Builds on topics covered in DSC 20 and provides practical experience in composing larger computational systems through several significant programming projects using Java. Students will study advanced programming techniques including encapsulation, abstract data types, interfaces, algorithms and complexity, and data structures such as stacks, queues, priority queues, heaps, linked lists, binary trees, binary search trees, and hash tables. **Prerequisites:** DSC 20. Restricted to students within the DS25 major. All other students will be allowed as space permits.

DSC 40A. Theoretical Foundations of Data Science I (4)

This course, the first of a two-course sequence (DSC 40A-B), will introduce the theoretical foundations of data science. Students will become familiar with mathematical language for expressing data analysis problems and solution strategies, and will receive training in probabilistic reasoning, mathematical modeling of data, and algorithmic problem solving. DSC 40A will introduce fundamental topics in machine learning, statistics, and linear algebra with applications to data analysis. DSC 40A-B connect to DSC 10, 20, and 30 by providing the theoretical foundation for the methods that underlie data science. **Prerequisites:** DSC 10, MATH 20C or MATH 31BH, and MATH 18 or MATH 20F or MATH 31AH. Restricted to students within the DS25 major. All other students will be allowed as space permits.
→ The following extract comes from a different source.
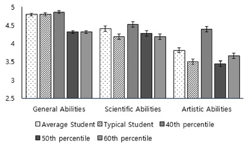 예술적 능력에서 평균 학생, 전형적 학생, 40, 50, 60 백분위수 학생과의 비교는 서로 큰 차이가 없었다.

DSC 40B. Theoretical Foundations of Data Science II (4)

The sequence DSC 40A-B introduces the theoretical foundations of data science and covers the following topics: mathematical language for expressing data analysis problems and solution strategies, probabilistic reasoning, mathematical modeling of data, and algorithmic problem solving. DSC 40B, the second course in the sequence, introduces fundamental topics in combinatorics, graph theory, probability, and continuous and discrete algorithms with applications to data analysis. **Prerequisites:** DSC 20 and 40A. Restricted to students within the DS25 major. All other students will be allowed as space permits.

DSC 80. The Practice and Application of Data Science (4)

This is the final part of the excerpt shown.